* Records shown:
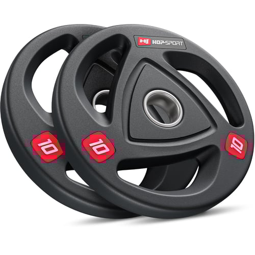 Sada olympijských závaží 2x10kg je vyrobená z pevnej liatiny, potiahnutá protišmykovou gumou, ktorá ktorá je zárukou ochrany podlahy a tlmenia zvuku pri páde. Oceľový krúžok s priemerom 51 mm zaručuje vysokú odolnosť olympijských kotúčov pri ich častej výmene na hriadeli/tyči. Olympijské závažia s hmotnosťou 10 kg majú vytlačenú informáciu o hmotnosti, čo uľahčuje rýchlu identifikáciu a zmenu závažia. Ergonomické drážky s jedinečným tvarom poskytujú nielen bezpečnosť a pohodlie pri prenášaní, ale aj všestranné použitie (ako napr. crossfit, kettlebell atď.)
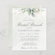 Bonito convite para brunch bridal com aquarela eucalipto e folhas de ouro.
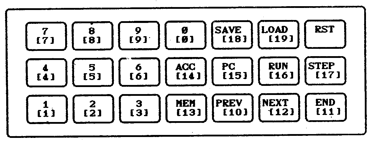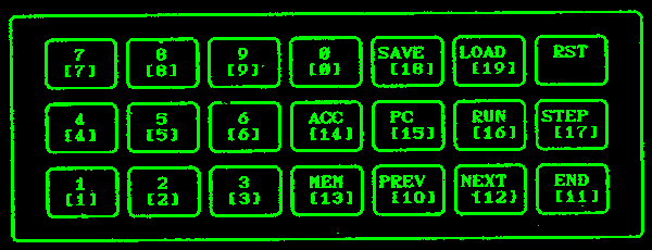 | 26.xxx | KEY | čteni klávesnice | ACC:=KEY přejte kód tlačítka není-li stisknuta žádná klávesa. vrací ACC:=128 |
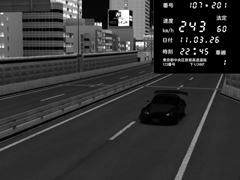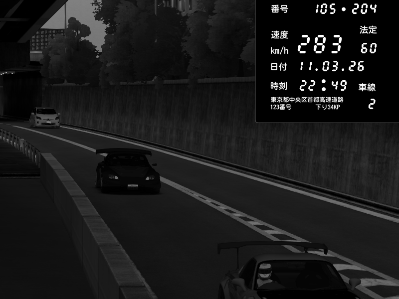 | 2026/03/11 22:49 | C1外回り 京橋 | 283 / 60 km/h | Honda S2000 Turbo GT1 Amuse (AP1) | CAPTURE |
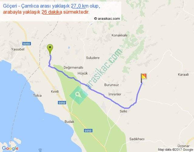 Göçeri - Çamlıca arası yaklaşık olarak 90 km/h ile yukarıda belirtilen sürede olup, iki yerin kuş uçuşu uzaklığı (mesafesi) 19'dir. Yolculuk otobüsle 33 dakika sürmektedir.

---

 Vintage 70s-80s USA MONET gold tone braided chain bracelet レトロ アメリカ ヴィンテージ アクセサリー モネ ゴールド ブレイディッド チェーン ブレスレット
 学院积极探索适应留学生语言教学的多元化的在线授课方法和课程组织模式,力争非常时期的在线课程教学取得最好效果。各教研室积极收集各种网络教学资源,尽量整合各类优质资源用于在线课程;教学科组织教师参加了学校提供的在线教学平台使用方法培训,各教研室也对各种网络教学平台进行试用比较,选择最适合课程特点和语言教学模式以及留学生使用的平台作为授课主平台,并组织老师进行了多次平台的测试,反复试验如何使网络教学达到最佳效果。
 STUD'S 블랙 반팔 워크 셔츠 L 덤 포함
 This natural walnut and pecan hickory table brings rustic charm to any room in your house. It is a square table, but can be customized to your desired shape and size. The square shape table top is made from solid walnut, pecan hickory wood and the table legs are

* The task:
What is asked for is an exact copy of the lines above from the one containing "学院积极探索适应留学生语言教" through the one containing "This natural walnut", and only those.

* Solution:
 学院积极探索适应留学生语言教学的多元化的在线授课方法和课程组织模式,力争非常时期的在线课程教学取得最好效果。各教研室积极收集各种网络教学资源,尽量整合各类优质资源用于在线课程;教学科组织教师参加了学校提供的在线教学平台使用方法培训,各教研室也对各种网络教学平台进行试用比较,选择最适合课程特点和语言教学模式以及留学生使用的平台作为授课主平台,并组织老师进行了多次平台的测试,反复试验如何使网络教学达到最佳效果。
 STUD'S 블랙 반팔 워크 셔츠 L 덤 포함
 This natural walnut and pecan hickory table brings rustic charm to any room in your house. It is a square table, but can be customized to your desired shape and size. The square shape table top is made from solid walnut, pecan hickory wood and the table legs are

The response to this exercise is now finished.